2FA Sketch: Two-Factor Armor Sketch for Accurate and Efficient Heavy Hitter Detection in Data Streams
Xilai Liu, Xinyi Zhang, Bingqing Liu, Tao Li, Tong Yang, Gaogang Xie
TL;DR
The paper tackles heavy hitter detection in high-rate data streams under tight memory by proposing the Two-Factor Armor (2FA) Sketch, a dual-layer sketch architecture. It combines an improved in-bucket Arbitration strategy with a cross-bucket conflict avoidance hashing scheme, supported by a theoretically derived optimal $λ$ and a redesigned $vote^+_{new}$ as a conflict indicator. Experimental results show substantially lower error rates, by $2.5$ to $19.7\times$, and a throughput improvement of about $1.03\times$ over Elastic Sketch, across CAIDA and Zipf-distributed synthetic data, with robust performance under varied memory constraints. The solution advances real-time heavy hitter detection by mitigating recall loss from congestion and providing publicly available source code for reproducibility.
Abstract
Detecting heavy hitters, which are flows exceeding a specified threshold, is crucial for network measurement, but it faces challenges due to increasing throughput and memory constraints.
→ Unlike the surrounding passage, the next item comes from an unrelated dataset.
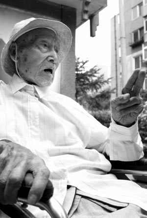 老人最喜歡吃的食品有牛奶、雞蛋、地瓜、香蕉、餃子、紅燒肉等。他從年輕時候起飯量就不大,從不暴飲暴食,現(xiàn)在每餐也只吃七八分飽,最喜歡的紅燒肉和餃子,也只吃五六口。社區(qū)醫(yī)院每月都來給老人檢查身體,老人各項指標均正常,沒住過醫(yī)院,感冒發(fā)燒都極少。前幾天高溫,老人患了肺內(nèi)感染,也只打了3天吊瓶,多打一天他都不讓,而且堅決不吃藥,他說“是藥三分毒”。老人滿口假牙,吃飯時飯菜必須軟爛;眼睛有些花,報紙上的大字還能看清;一只耳朵失聰,另一只耳朵有點背,跟他說話得大點兒聲。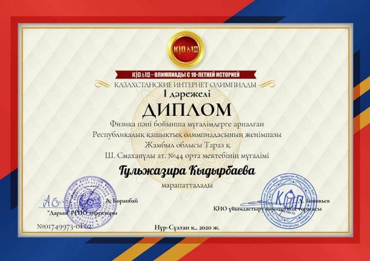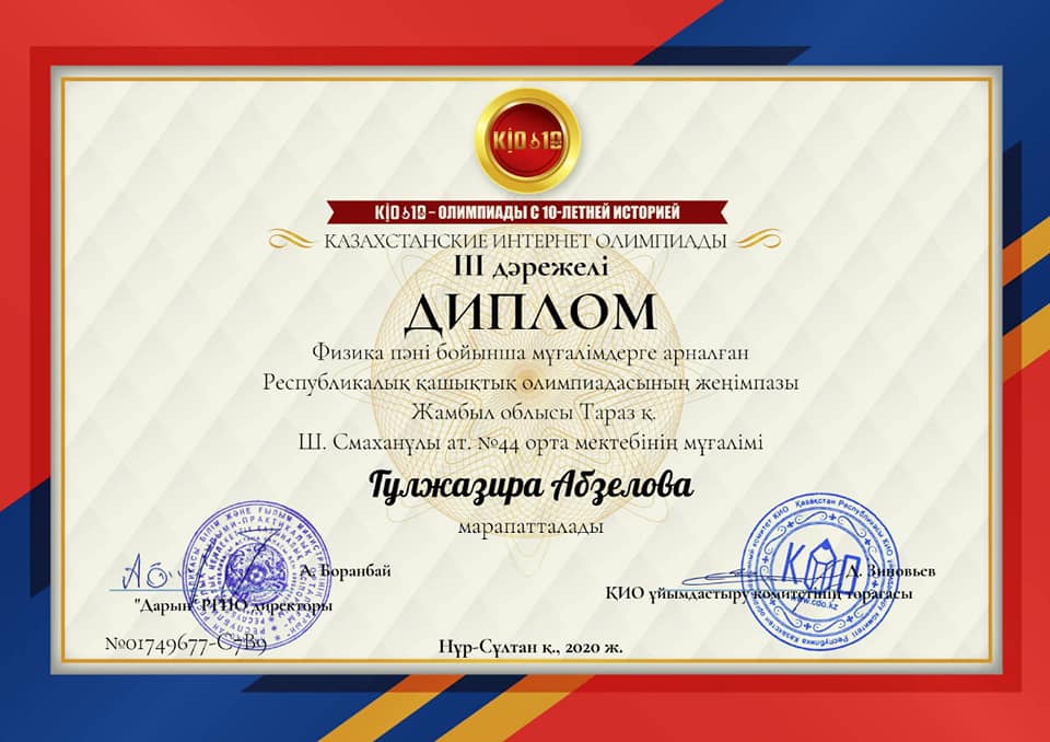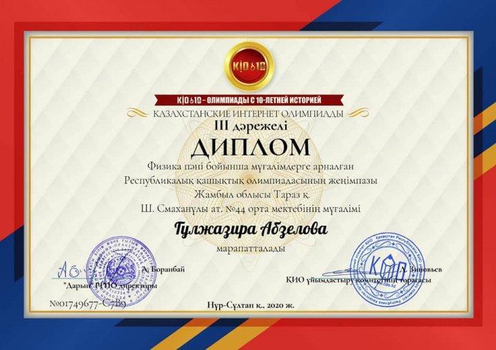 27 февраль 2020 0 1 2 3 4 5 Республикалық "КИО" қашықтық олимпиадасы физика пәнінің мұғалімдері Республикалық "КИО" қашықтық олимпиадасынан мектебіміздің физика пәнінің мұғалімдеріКыдырбаева Гүлжазира- І орынАбзелова Гүлжазира- ІІІ орын иеленді.

Existing sketch-based solutions, particularly those using Comparative Counter Voting, have limitations in efficiently identifying heavy hitters. This paper introduces the Two-Factor Armor (2FA) Sketch, a novel data structure designed to enhance heavy hitter detection in data streams. 2FA Sketch implements dual-layer protection through an improved $\mathtt{Arbitration}$ strategy for in-bucket competition and a cross-bucket conflict $\mathtt{Avoidance}$ hashing scheme. By theoretically deriving an optimal $λ$ parameter and redesigning $vote^+_{new}$ as a conflict indicator, it optimizes the Comparative Counter Voting strategy. Experimental results show that 2FA Sketch outperforms the standard Elastic Sketch, reducing error rates by 2.5 to 19.7 times and increasing processing speed by 1.03 times.